O Barman serviu Absinto para os três e fez o mesmo com as pessoas que se aproximaram com um copo vazio. 001 levantou seu copo para os russos ao seu lado e bebeu e murmurou quando a bebida desceu queimando por sua garganta. Katrina e William imitaram.

- Sua amiga não é jovem para casar? – O barman perguntou novamente e olhando Katrina.

- Desde quando tem idade para se amar? – 001 também perguntou. – Só é triste que meu amigo esteja sem dinheiro para um anel. Russos desgraçados, conquistando nossas mulheres. – 001 esfregou os olhos. – Se bem que também estou na merda. Meu chefe me demitiu e estou só com o dinheiro que tinha guardado. Mas bola para frente! – O agente deveria admitir que era ótimo ator.

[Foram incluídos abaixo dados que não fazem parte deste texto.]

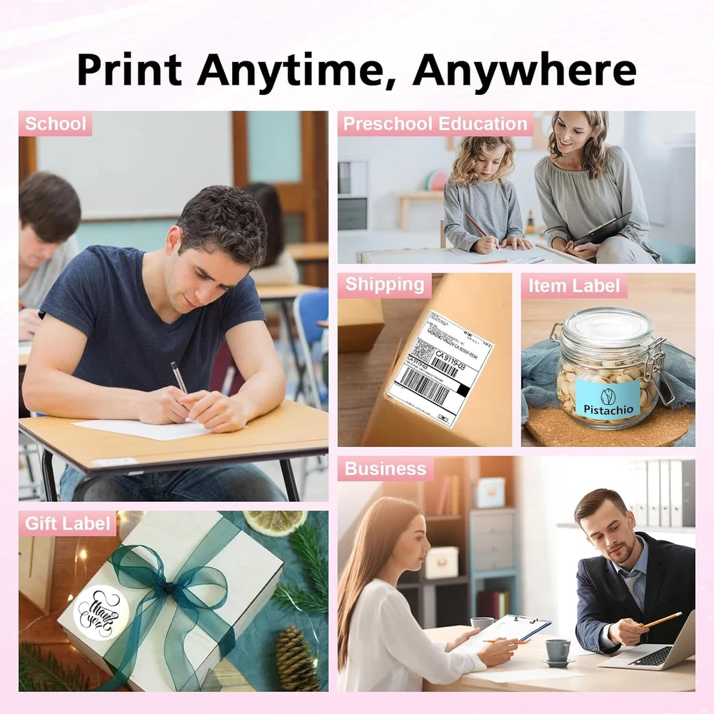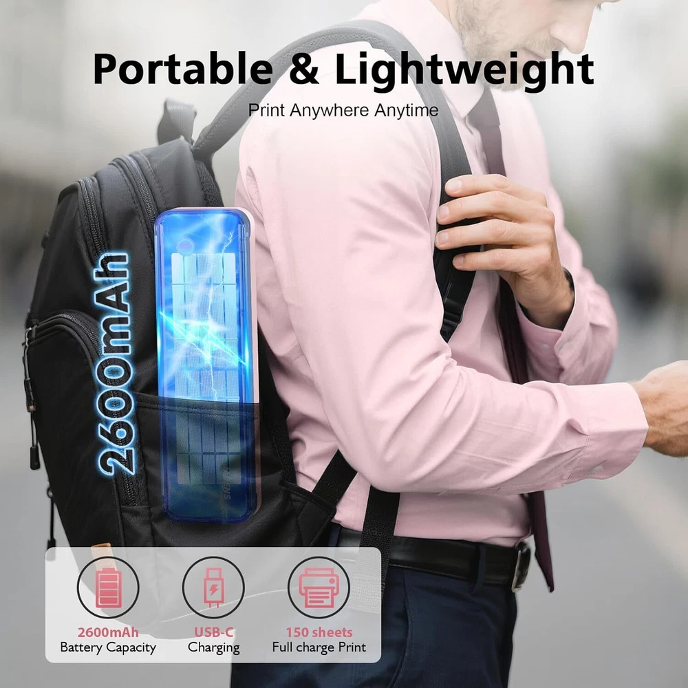 About this item [Comes with 6 Paper Rolls + Multi-Size Support]: Portable thermal printer includes 6 thermal paper rolls (US Letter, 4 × 6", 3" and 2"). Printable documents, shipping labels, product labels, and gift labels. Supports single, spacer, and continuous paper (Note: Gap label needs to be learned before use). [4-in-1 Versatile Printer]: One printer functions as four. The mobile printer can print documents for all ages, print 2/3-inch labels to organize kitchen items and personal materials, and quickly print shipping labels for online orders. Saves space without changing printers, meeting home printing needs. [Wide Device Compatibility]: This compact printer connects wirelessly via Bluetooth to smartphones, tablets, and laptops, or uses a USB cable for computers. The accompanying app delivers advanced creative tools for printing—no cost, no limits. (Note: Mac computers need to be connected via USB.) [Inkless Printer]: Thermal printing technology requires no ink, ribbon, or cartridges—eliminating ink blockages and cleaning issues. Each thermal paper roll costs only $0.7, cheaper than traditional printing. (Note: Only supports thermal paper, not regular copy paper.) [Ultra-Portable & Long-lasting Battery]: Weighing only 1.5 lbs with dimensions of 10.4 x 1.89 x 3.15 inches, this lightweight and compact printer is ideal for travel and on-the-go use, fitting easily into backpacks or briefcases. Built-in 2600mAh battery ensures extended use without frequent recharging. Product dimensions: 10.4 x 1.89 x 3.15 inches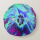 Psykedelisk Retro-Grönt och Blue Hibiscus Flower Rund Kudde
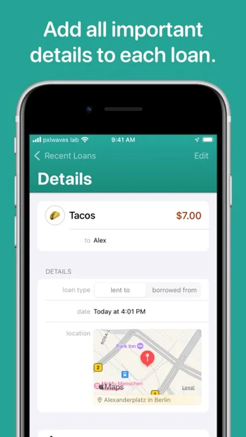 Keepfully allows you to link a person, location, time and title to each loan. This helps you to perfectly keep track of your money.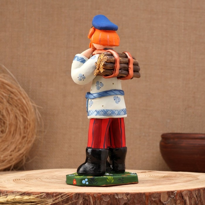 Ковровская игрушка "Мужик с вязанкой дров", керамика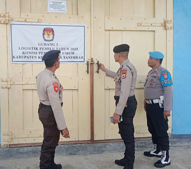 Tribratanews.polrestanimbar.com – Polda Maluku, Kepolisian Resor Kepulauan Tanimbar, Cegah potensi konflik serta gangguan keamanan terhadap Logistik Pemilu, Satgas Preventif Operasi Mantap Brata (OMB) Salawaku 2023-2024 Polres Kepulauan Tanimbar, tingkatan pengawasan dan pengamanan secara intensif pada Gudang Logistik Pemilu.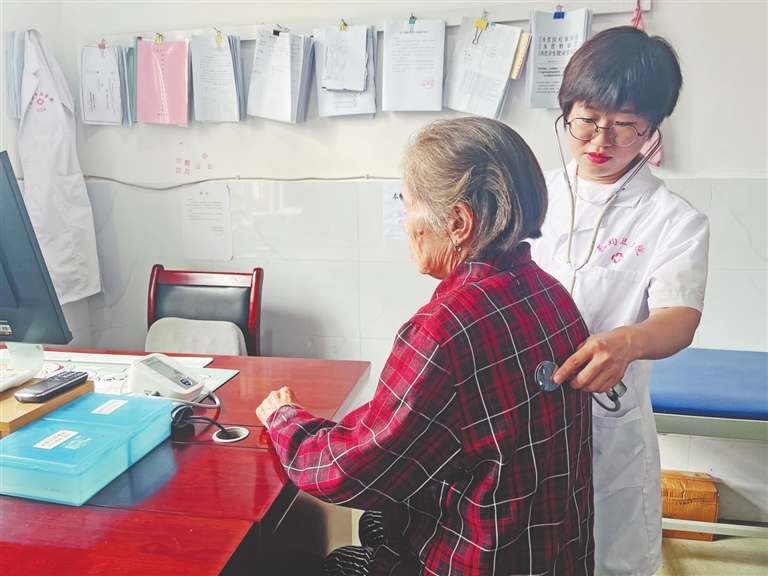 “老人家,您哪里不舒服?”“最近咳嗽得厉害吗?我给您用听诊器听一下。”9月24日中午,在安义县长均乡卫生院内,医生徐宏磊在向一名老人仔细问诊。“我给您开点药,您先吃着,有问题再来。”临走时,她拉着老人的手叮嘱说:“做菜少放点辣椒,走路慢点,别摔着!”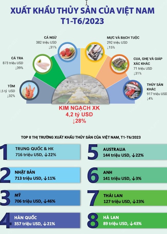 Theo số liệu thống kê của Hải quan Việt Nam, xuất khẩu thủy sản của Việt Nam vẫn tiếp tục sụt giảm trong tháng 6/2023. Do đó, tính lũy kế 6 tháng đầu năm, kim ngạch XK giảm 28%, đạt 4,2 tỷ USD. So với cùng kỳ năm 2022, XK các nhóm mặt hàng của Việt Nam đều giảm so với cùng kỳ.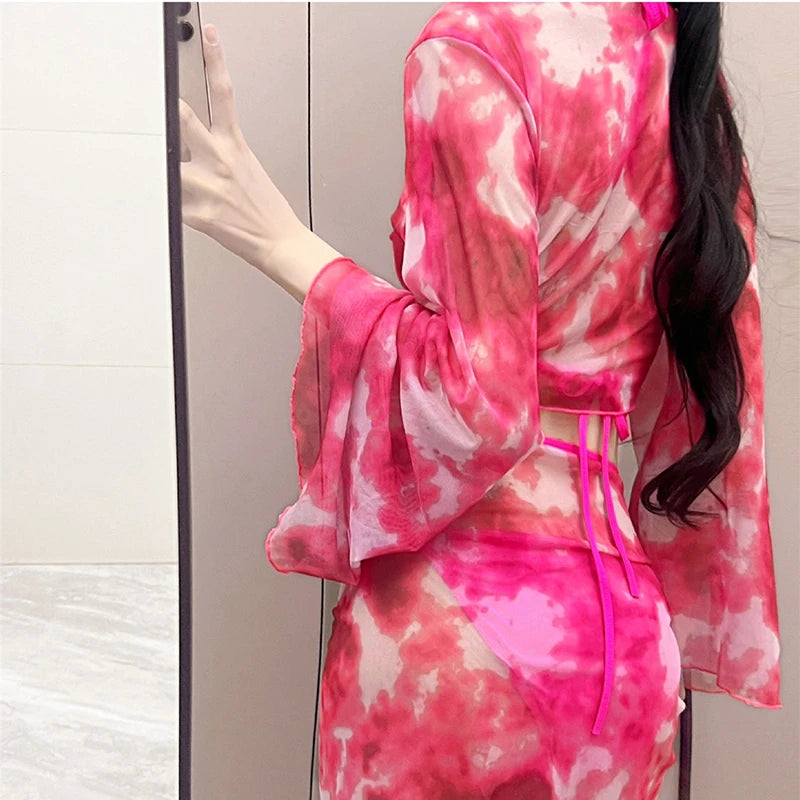 The TideBloom Set is a dreamy 4-piece that blends tie-dye vibes with curve-hugging energy. Whether youβre beachside or poolside, this oneβs a full vibe.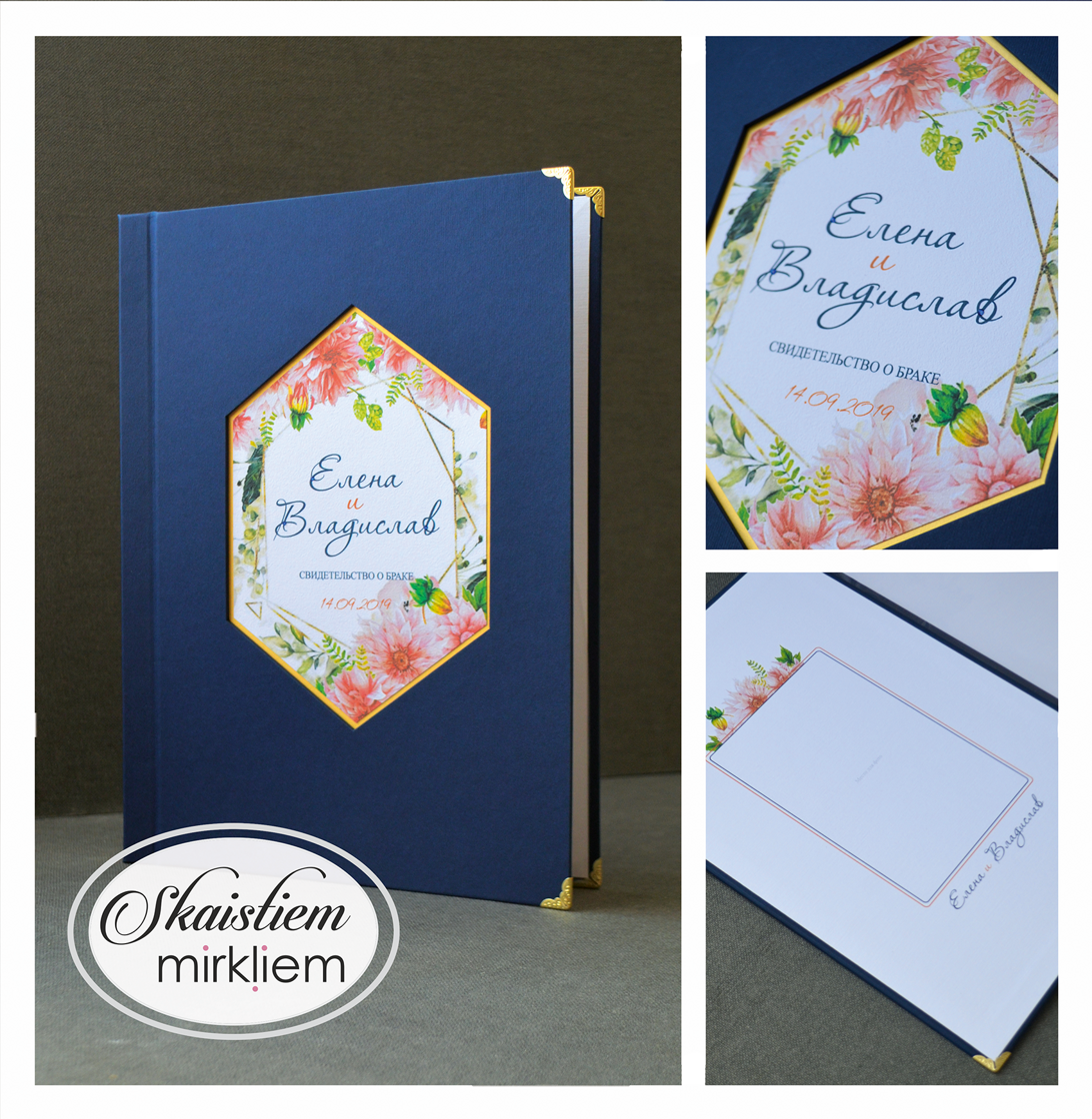 Laulības apliecību vāki ir rūpīgs roku darbs. Tie ir izgatavoti stingros vākos, kuri apvilkti ar izvēlēto materiālu.

- Viva. – Katrina levantou seu copo.

- Como se conheceram? – O barman perguntou.

- Ah. Ela frequentou a mesma igreja que eu. – William respondeu antes de Katrina. – Deus nos guiou até hoje. –

- Além de russo é religioso, vê se pode! – 001 falou. – Só queria essa sorte para ter dinheiro. –

001 suspirou e o mais discretamente possível olhou para trás. Sabia que estava sendo observado desde que tinha citado a falsa falta de dinheiro dos três. Em seu ramo era vital saber quando estava sendo vigiado e por quem, se não estaria morto em uma sarjeta. Alguns minutos depois o agente tosse e sai de sua cadeira e bate nos ombros dos dois e nisso vão embora, claro que depois de pagarem a conta.

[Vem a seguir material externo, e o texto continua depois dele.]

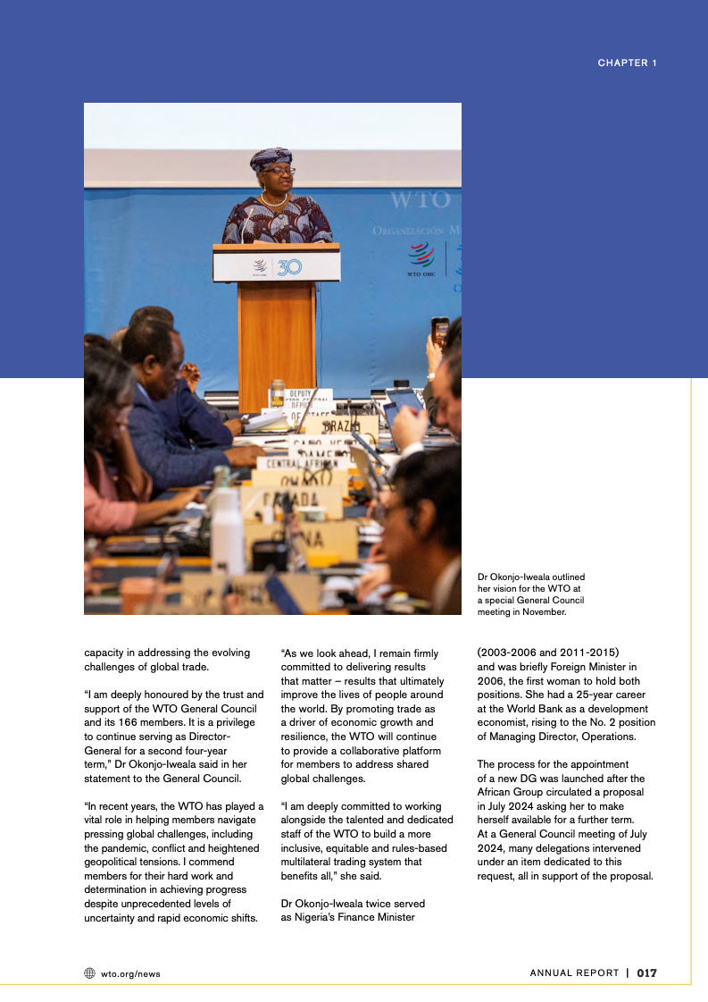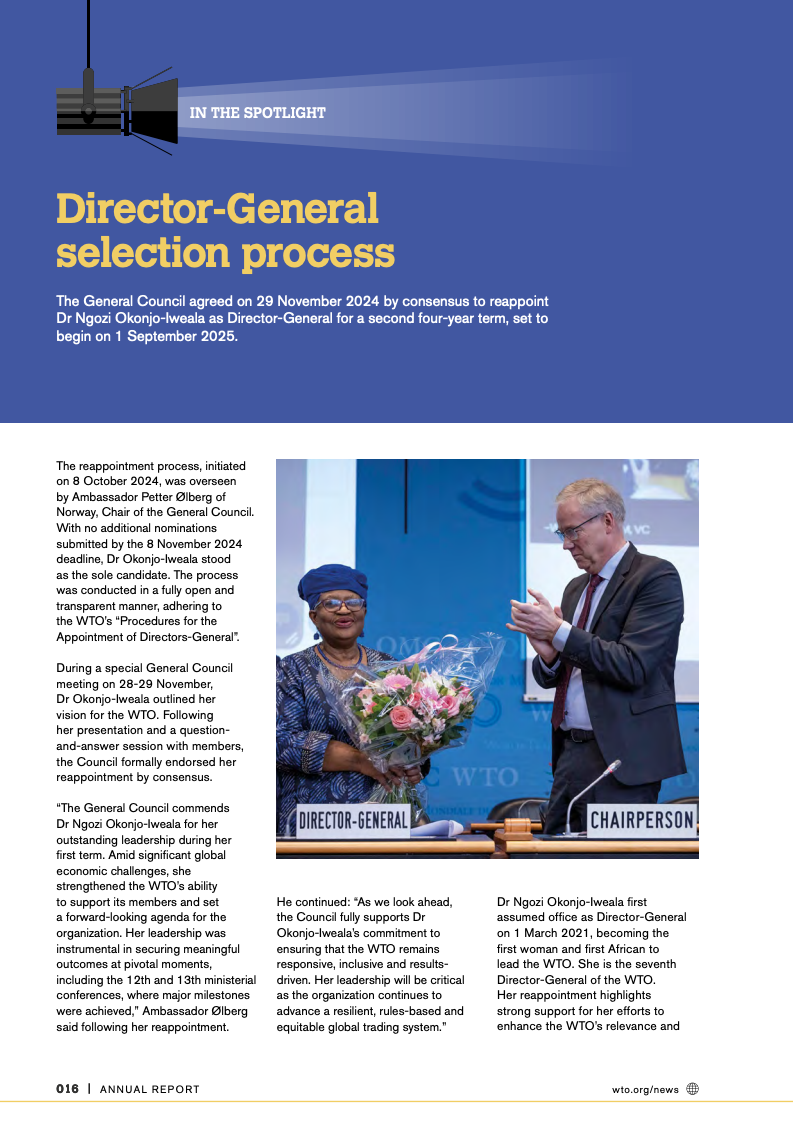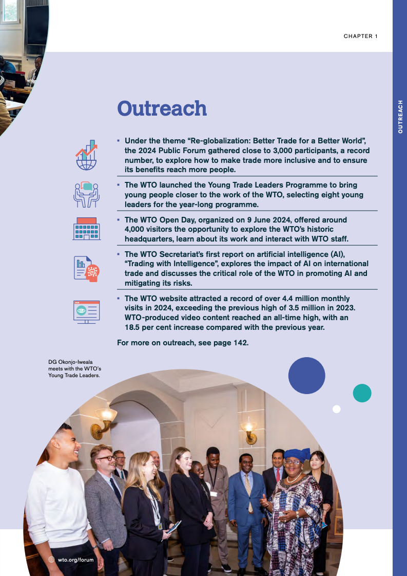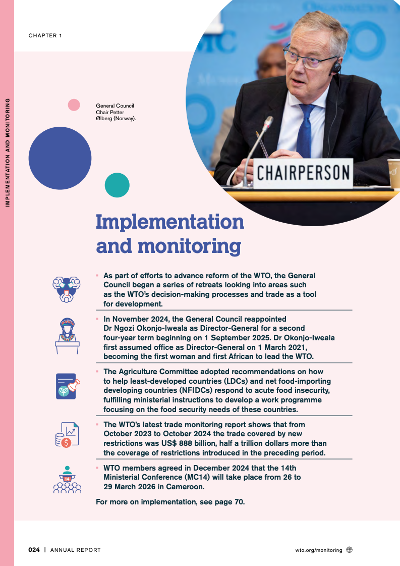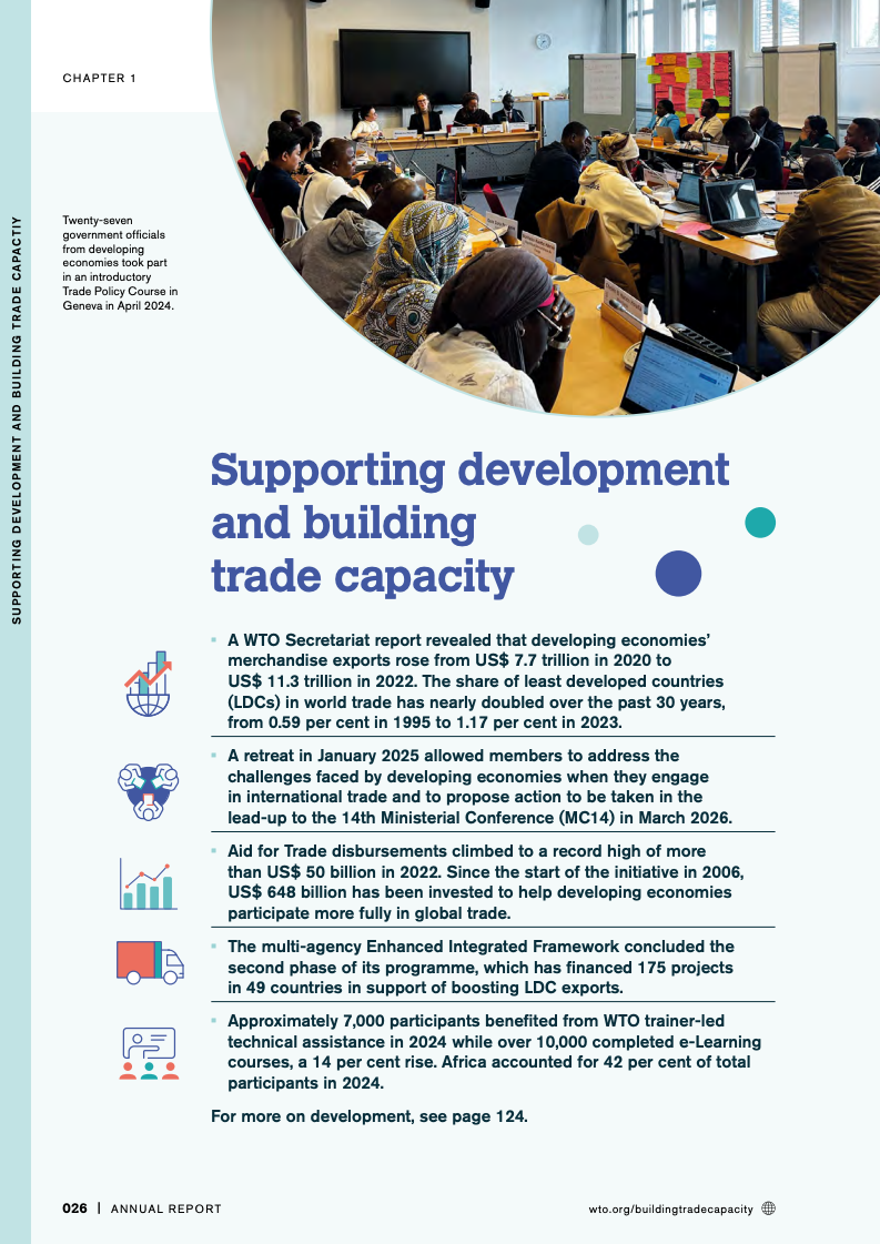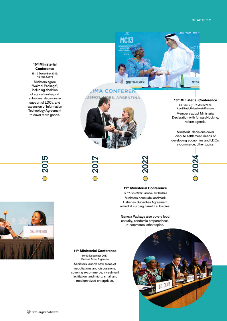 WTO在2024年取得了多项重要进展。科摩罗和东帝汶在2024年加入WTO,使成员总数达到166个,覆盖全球98%的贸易额,这是自2016年以来的首次扩员。第13届部长级会议(MC13)通过了十项多边协议和宣言,涵盖发展、争端解决改革和电子商务等领域。其中,投资便利化促进发展协议(IFD)已获得超过四分之三成员(包括近90个发展中经济体和26个最不发达国家)的支持,成员数量已增至近130个。

- Podem ir à frente. – O agente murmurou assim que deixaram o bar.

Katrina e William obedecem e entram no carro. Não muito depois outro sai do bar e chama a atenção do agente que fingia se lamuriar na sarjeta por falta de dinheiro e amor na vida. E entregou ao agente um papel. 001 agradeceu e abraçou o homem e foi para o carro.

- O que foi aquilo? – William perguntou.

- Mentiras. – O agente respondeu. – Um pouco de teatro. Ele me disse que se nós precisássemos de dinheiro que fossemos neste endereço hoje. Lá tem a solução para os nossos problemas. – 001 olhou o endereço.

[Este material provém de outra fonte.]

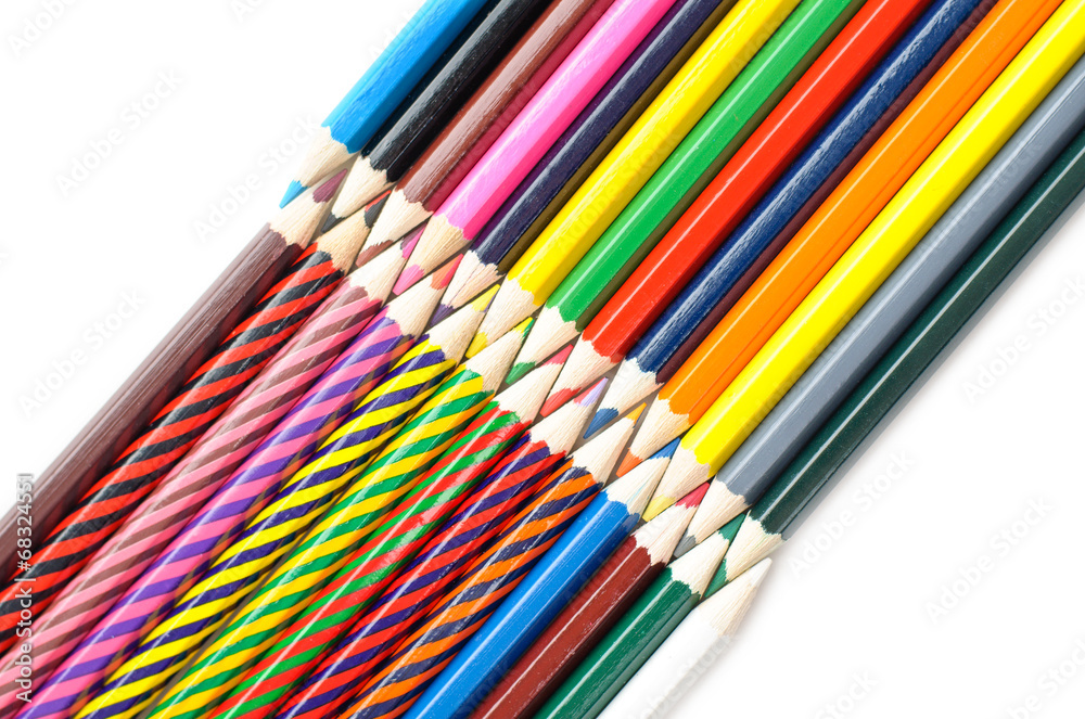 Colored pencils on white background

- Que sujo. – Katrina comentou. – Mas o que acontece se nesse endereço for um local religioso? –

- Eu volto e mato aquele cara. – 001 respondeu.

William retornou para sua motocicleta e com isso partiram para o endereço marcado. Depois de trinta minutos os três chegaram a um porto com containers por todas as partes, mas seguiram caminho até dezenas de carros (alguns de luxo) estarem estacionados próximos a um navio cargueiro com pessoas entrando e saindo e um segurança. Dava para ouvir uma comoção de dentro do cargueiro. Os três subiram e foram inspecionados pelo segurança que provavelmente procurava por câmeras e quando não encontrou nada além dos celulares permitiu a passagem deles. O cargueiro não estava abastecido com container, ou seja, não viajaria. O trio continuou entrando no navio e ouvindo a comoção se intensificando. E por fim depois de minutos chegaram à origem da gritaria; um ringue clandestino. Os únicos containers eram quatro e serviam como um ringue para dois lutadores que usavam apenas suas roupas, com seus rostos cheios de hematomas e sangue. Tinha uma arquibancada, mas o material usado em sua construção era do mesmo material que do navio. E dezenas de pessoas gritavam animadas por cada soco, chute, cotovelada e cabeçada que um lutador dava no outro. E gritavam mais animadas ainda quando um deles perdia um dente ou sangue. E era bem evidente que individualidades eram liberadas já que um dos sujeitos eletrocutou o outro.


Notas Finais


Sim. Um capítulo por dia seguido, mas acabou OFICIALMENTE essa brincadeira.